Introduction to Data Analysis

Descriptive statistics, visual approaches, estimation, and inferential methods for univariate and bivariate educational research problems. Experience using statistical software, including Microsoft Excel.

Instructor: Prof. Audrey Beardsley | Emmanuel Adeloju (TA)

Term: Spring

Location: Tempe Campus, COOR L1-72

Time: Wednesdays, 4:30 PM - 7:15 PM

Course Overview

This course provides a rigorous introduction to quantitative approaches to data analysis through descriptive and inferential perspectives. Topics include descriptive summaries of data, graphical representations, probability distributions, correlation, simple regression, hypothesis testing, and introduction to special topics of regression, factor analysis, and non-normal data distributions. Students will develop the knowledge and skills to analyze and interpret the data and report the findings to inform practical decisions based on context-specific needs. Students will learn to select appropriate statistical procedures, calculate statistics, and perform statistical tests by hand and through SPSS, interpret and write-up results.

Course Format

This class is scheduled as an in-person class; although, a few times this semester, as needed (e.g., due to professional travel) we will be meeting remotely during our scheduled day and time via Zoom. Work will include presentations covering course content (e.g., modules as organized around book chapters and other readings), demonstrations of and applied practice with statistical software, in- and out-of-class activities and homework assignments, and a final take-home assignment. Modules should be completed in sequential order (i.e., Module 0, Module 1, … Module 18).

Prerequisites

None, although a decent foundation in mathematics is desired

Textbooks

Required Text Salkind, N. J. (2016). Statistics for people who (think they) hate statistics (7th ed.). Sage Publications, Inc.

Grade Points

  • A 90 - 100
  • B 80 - 89
  • C 70 - 79
  • D 60 - 69 E (Failure) <60 There are no plus/minus grades in this course

Schedule

Week Date Topic Materials
Introduction to Course

Course orientation and overview of expectations.

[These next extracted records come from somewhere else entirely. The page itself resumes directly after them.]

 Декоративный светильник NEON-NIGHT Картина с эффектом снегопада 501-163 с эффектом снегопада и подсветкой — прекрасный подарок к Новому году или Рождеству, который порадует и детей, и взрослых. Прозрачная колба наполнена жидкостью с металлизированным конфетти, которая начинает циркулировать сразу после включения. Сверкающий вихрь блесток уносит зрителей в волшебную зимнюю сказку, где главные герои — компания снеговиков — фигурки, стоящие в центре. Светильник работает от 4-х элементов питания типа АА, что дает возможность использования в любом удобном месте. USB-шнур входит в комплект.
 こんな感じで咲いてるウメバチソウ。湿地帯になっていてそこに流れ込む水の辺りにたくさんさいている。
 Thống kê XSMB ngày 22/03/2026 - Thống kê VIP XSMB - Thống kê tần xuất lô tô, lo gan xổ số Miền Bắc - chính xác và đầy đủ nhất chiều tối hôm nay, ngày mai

Statistics or Sadistics? It's Up to You

Foundations of statistical thinking and introductory concepts.

Computing and Understanding Averages

Measures of central tendency and descriptive statistics.

Understanding Variability

Variance, standard deviation, and dispersion.

Creating Graphs

Data visualization principles and graphical summaries.

Correlation

Computing and interpreting correlation coefficients.

Reliability and Validity

Measurement principles in social science research.

Hypothesis Testing

Logic of statistical inference and threats to validity.

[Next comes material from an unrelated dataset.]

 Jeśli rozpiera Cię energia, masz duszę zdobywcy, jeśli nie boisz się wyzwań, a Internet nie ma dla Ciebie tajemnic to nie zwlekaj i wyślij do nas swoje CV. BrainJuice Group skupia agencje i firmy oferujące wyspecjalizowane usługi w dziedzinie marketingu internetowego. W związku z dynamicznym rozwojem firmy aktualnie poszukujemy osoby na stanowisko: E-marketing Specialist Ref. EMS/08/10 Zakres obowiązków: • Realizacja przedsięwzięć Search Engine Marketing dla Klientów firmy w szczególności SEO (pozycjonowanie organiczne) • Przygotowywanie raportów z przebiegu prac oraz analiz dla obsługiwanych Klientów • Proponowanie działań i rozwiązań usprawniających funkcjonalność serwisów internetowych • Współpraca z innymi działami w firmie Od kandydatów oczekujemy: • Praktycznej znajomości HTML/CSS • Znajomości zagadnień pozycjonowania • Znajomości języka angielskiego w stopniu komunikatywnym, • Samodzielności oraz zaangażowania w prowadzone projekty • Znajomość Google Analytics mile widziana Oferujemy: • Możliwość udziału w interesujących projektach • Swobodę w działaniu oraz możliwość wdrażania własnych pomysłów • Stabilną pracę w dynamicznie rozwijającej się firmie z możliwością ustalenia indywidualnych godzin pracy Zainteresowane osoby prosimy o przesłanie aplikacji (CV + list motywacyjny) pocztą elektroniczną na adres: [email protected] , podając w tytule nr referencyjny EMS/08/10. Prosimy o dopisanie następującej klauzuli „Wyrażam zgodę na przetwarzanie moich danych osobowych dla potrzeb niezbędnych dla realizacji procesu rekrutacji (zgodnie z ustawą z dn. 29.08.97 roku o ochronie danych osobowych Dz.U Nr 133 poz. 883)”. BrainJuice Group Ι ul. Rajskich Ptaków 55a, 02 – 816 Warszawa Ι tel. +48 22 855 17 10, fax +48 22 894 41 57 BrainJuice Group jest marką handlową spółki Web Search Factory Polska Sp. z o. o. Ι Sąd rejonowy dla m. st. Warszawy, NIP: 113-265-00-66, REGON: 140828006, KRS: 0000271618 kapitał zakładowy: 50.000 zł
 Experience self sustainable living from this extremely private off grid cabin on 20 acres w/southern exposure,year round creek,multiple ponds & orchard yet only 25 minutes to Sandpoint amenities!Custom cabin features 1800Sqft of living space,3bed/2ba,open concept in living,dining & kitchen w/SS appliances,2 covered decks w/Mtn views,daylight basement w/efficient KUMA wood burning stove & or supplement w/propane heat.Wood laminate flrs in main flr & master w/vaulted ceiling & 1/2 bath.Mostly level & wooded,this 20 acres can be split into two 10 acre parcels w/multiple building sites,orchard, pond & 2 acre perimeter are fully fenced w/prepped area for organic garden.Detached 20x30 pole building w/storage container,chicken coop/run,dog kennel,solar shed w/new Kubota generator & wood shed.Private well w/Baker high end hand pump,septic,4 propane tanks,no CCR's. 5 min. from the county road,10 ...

Probability and the Normal Distribution

Probability theory and the bell-shaped curve.

Statistical Significance

p-values and interpretation of significance.

One-Sample z Test

Testing population means using z-tests.

Independent Samples t-Test

Comparing means between groups.

Paired Samples t-Test

Comparing related groups.

Analysis of Variance (ANOVA)

Comparing multiple group means.

Factorial ANOVA

Multi-factor experimental designs.

Correlation and Relationships

Interpreting statistical relationships.

Linear Regression

Prediction and modeling using regression.

Chi-Square and Nonparametric Tests

Statistical tests for categorical and non-normal data.

Advanced Statistical Procedures

Overview of additional important statistical techniques.